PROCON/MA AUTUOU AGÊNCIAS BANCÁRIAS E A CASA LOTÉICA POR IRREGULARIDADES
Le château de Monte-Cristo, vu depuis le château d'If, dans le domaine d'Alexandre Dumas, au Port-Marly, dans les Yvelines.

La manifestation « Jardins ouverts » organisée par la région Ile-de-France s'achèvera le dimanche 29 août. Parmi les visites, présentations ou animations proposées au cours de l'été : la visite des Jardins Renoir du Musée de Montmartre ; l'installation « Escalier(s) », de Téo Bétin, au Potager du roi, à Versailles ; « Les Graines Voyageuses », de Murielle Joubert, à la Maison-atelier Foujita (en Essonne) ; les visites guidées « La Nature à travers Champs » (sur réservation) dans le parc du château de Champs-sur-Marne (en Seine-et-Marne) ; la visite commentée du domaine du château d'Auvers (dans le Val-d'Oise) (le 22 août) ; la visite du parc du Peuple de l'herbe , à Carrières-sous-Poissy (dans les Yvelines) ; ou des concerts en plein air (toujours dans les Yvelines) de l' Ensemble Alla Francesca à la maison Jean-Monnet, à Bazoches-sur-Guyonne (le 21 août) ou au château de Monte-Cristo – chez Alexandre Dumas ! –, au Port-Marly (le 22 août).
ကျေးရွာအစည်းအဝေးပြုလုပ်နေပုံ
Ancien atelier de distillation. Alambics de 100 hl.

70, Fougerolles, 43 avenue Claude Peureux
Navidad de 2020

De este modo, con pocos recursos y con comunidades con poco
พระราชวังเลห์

==

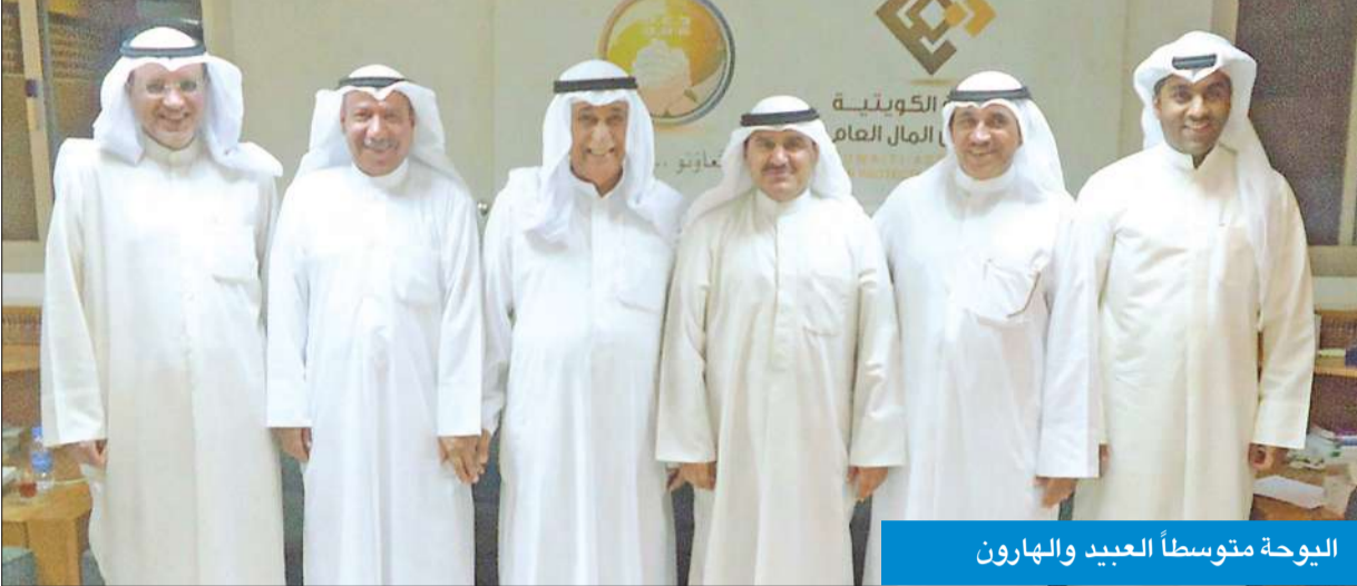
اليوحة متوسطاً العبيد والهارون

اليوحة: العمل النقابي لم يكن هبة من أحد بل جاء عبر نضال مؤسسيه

* [TASK TO CARRY OUT]: Look above for the line containing "(le 22 août)." and the line containing "ကျေးရွာအစည်းအဝေးပြုလုပ်နေပုံ". Transcribe both, with the lines between them, exactly.

* [RESPONSE TO THIS EXERCISE]:
La manifestation « Jardins ouverts » organisée par la région Ile-de-France s'achèvera le dimanche 29 août. Parmi les visites, présentations ou animations proposées au cours de l'été : la visite des Jardins Renoir du Musée de Montmartre ; l'installation « Escalier(s) », de Téo Bétin, au Potager du roi, à Versailles ; « Les Graines Voyageuses », de Murielle Joubert, à la Maison-atelier Foujita (en Essonne) ; les visites guidées « La Nature à travers Champs » (sur réservation) dans le parc du château de Champs-sur-Marne (en Seine-et-Marne) ; la visite commentée du domaine du château d'Auvers (dans le Val-d'Oise) (le 22 août) ; la visite du parc du Peuple de l'herbe , à Carrières-sous-Poissy (dans les Yvelines) ; ou des concerts en plein air (toujours dans les Yvelines) de l' Ensemble Alla Francesca à la maison Jean-Monnet, à Bazoches-sur-Guyonne (le 21 août) ou au château de Monte-Cristo – chez Alexandre Dumas ! –, au Port-Marly (le 22 août).
ကျေးရွာအစည်းအဝေးပြုလုပ်နေပုံ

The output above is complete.